When forming the dataset pairs for the hypothesis testing, the distance functions we use are bi-directional, meaning that given a function Dist calculating distance, Dist(p, q) = Dist(q, p). Therefore, we measure the distribution shifts using combinations without repetition. Additionally, we include the distance of each dataset to itself as a sanity check. This approach results in 66 unique combinations plus 12 self-comparisons, in a total of 78 pairs.

We now discuss the representations we use for the datasets and the corresponding statistical tests we employ.

3.2.1 Representation for input space

We investigate two different representations for the input space.

Word frequencies: in this setting, \({\varvec{x}}\) represents the frequency of each word. The underlying assumption is that the occurrences of words within a dataset indicate how important a word is. The word frequency distribution over the vocabulary represents the dataset.

Distributional representation: In this setting, each instance of \({\varvec{x}}\) is an n-dimensional vector representation of a sentence within a dataset. Sentence-BERT (Reimers & Gurevych, 2019) is used to encode each sentence. The idea behind sentence-BERT is that semantically similar sentences are closer in vector space (Reimers & Gurevych, 2019). The data points in this n-dimensional space are the distribution for each dataset.

3.2.2 Representation for label space

Within the NER task, datasets from different domains have different types of entities. We use category counts as our label distribution \(p({\varvec{y}})\). Among different domains, the most general types include Person, Organization, Location and Miscellaneous. As mentioned in subsection 3.1, we unify labels with the same semantic meanings. We note that very field-specific datasets will have a different label space than more general datasets.

Following recent work on distribution shifts, for label space, we formulate the problem as one of unseen data shift where some attribute values are unseen under p but are seen under q (Wiles et al., 2022). For example, the type Method might have zero observation in many datasets such as in CoNLL and Wikigold, but it will have many observations in dataset SciERC. However, it does not necessarily mean that there are no entities that have the type Methods in the Wikigold dataset, but due to specific data generation processes, those entities are not annotated. We see this as an outcome of different sampling processes. We assume all datasets share a common label set \({\varvec{A}}^l\) and some labels in the set are unseen in p but are seen in q due to systematic sampling error.

3.2.3 Statistical hypothesis testing

For each type of representation, a different statistical test is necessary, which we now detail. Shift decisions are reported based on the significant level. By default, we use 0.05 as the significant threshold for all tests. Furthermore, we use this statistical testing as a means to measure distribution shift and draw a connection between shift and performance.

Chi-Squared Test For frequency distributions of input and label count distribution, each sample \({\varvec{x}}_n\) is one categorical value that represents word occurrence in the domain. We adopt Pearson’s Chi-Squared test, a parametric test for determining if two frequency distributions are the same. The crucial underlying assumption is that a corpus is modelled as a sequence of independent Bernoulli trials. The relevant statistic \(\chi ^2\) can be computed as:

$$\begin{aligned} \chi ^2 = \sum _{i=1}^2 \sum _{j=1}^C \frac{(O_{ij} - E_{ij})^2}{E_{ij}}, \end{aligned}$$

where \(O_i\) is the observed value for category i and \(E_i\) is the expected value for category i. All word occurrences below 5 are filtered out.

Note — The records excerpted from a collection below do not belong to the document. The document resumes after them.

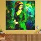 Una pintura generada por IA de una mujer con un vestido verde y un gorra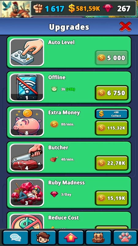 In addition to upgrading your hunter, you can also become stronger by upgrading the stats in Legends of the Arena APK 1.0.1.7. Auto Level helps your hunter to be upgraded completely automatically. Extra Money, Butcher and Ruby Madness will help the amount of gold, meat, and gems collected become more than normal. In addition, these stats can be upgraded by using a lot of gold. The higher the level, the more resources you will receive compared to lower levels. In particular, the Offline index can help your hunter fight automatically without you having to control it all the time, but this will have a time limit.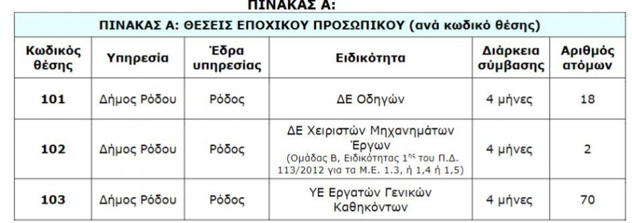 Ο Δήμος Ρόδου ανακοινώνει την πρόσληψη, με σύμβαση εργασίας ιδιωτικού δικαίου ορισμένου χρόνου, για την αντιμετώπιση κατεπειγουσών εποχικών ή πρόσκαιρων αναγκών στον τομέα της πυρασφάλειας, σύμφωνα με τις διατάξεις του άρθρου 206 του Ν. 3584/2007 «Κώδικας Κατάστασης Δημοτικών και Κοινοτικών Υπαλλήλων», όπως αντικαταστάθηκε και ισχύει, ενενήντα (90) ατόμων.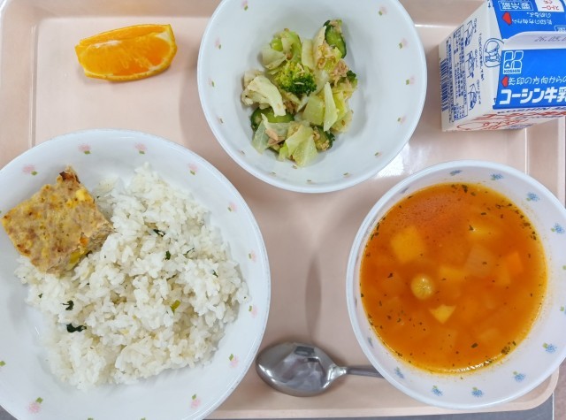 今日の献立は、小松菜ガーリックライス・チーズ入りミートローフ・花野菜のごまドレッシングサラダ・大豆のトマトスープ・デコポン・牛乳でした。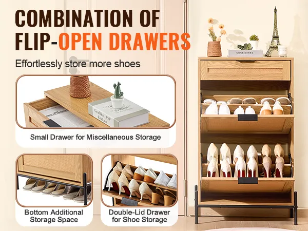Ample Storage Space: The innovative flip-top drawer design enhances storage capacity, allowing us to accommodate more shoes and styles, including high heels and ankle boots.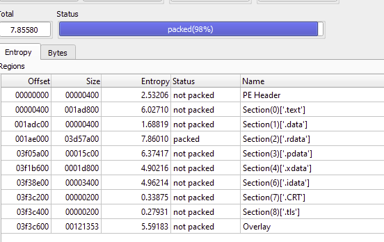 Analysis of the file's entropy shows it is heavily obfuscated, with 98 percent of the content being packed. This explains its large file size of 64 MB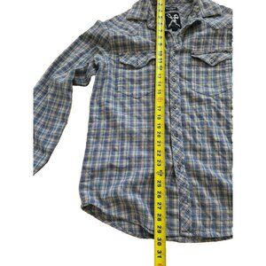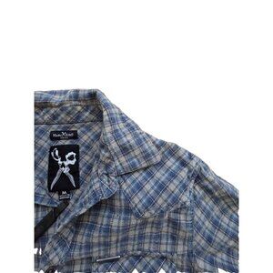 Marc Ecko Shirt Mens Medium Navy Plaid Long Sleeve medium A001237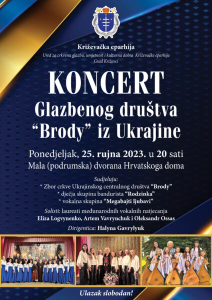 Križevačka eparhija, Ured za crkvenu glazbu, umjetnost i kulturna dobra Križevačke eparhije i Grad Križevci pozivaju na koncert Glazbenog društva “Brody” iz Ukrajine koji će se održati u ponedjeljak, 25. rujna 2023. u 20 sati u Maloj (podrumskoj) dvorani Hrvatskoga doma.
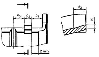 Примечания 1 b1 ≥ 1,5s3, но не менее 3 мм. 2 Если b3 < 2 мм, то эта поверхность может быть свободна от подшипникового (антифрикционного) металла в пределах кольцевой длины а2, чтобы избежать разрушения подшипникового металла, когда отверстие вкладыша подвергают механической обработке. Фиксирующий выступ может также разрушиться в смазочной канавке Рисунок 6 - Фиксирующий выступ в тонкостенном буртовом вкладыше

There has been a long debate if the chi-squared test, or statistical testing in general, should be applied for corpus linguistics (Gries, 2005). However, it is still widely employed within the literature (Rabanser et al., 2019). Given that the distribution shift literature also employs chi-squared testing, we also make use of it here.

We employ two data processing procedures while using Chi-Squared tests. First, before applying the Chi-Squared test to data, we implement a normalization procedure to ensure that both the observed and expected values are on the same scale (Underhill & Bradfield, 2013). This normalization enhances the robustness of the test to different sample sizes. Second, by design, label distribution may contain a considerable number of zeros for certain categories. Since Chi-Squared test is not viable when dividing by zero, we added a small constant (\(1e-5\)) to each category to ensure that we obtain results without changing the numerical meaning of the results.Footnote 3

Another potential test for this sort of distribution is the Kolmogorov-Smirnov (KS) two-sample test. However, this test fits the cumulative distribution which requires values to be sorted. Sorting items in a vocabulary is not meaningful.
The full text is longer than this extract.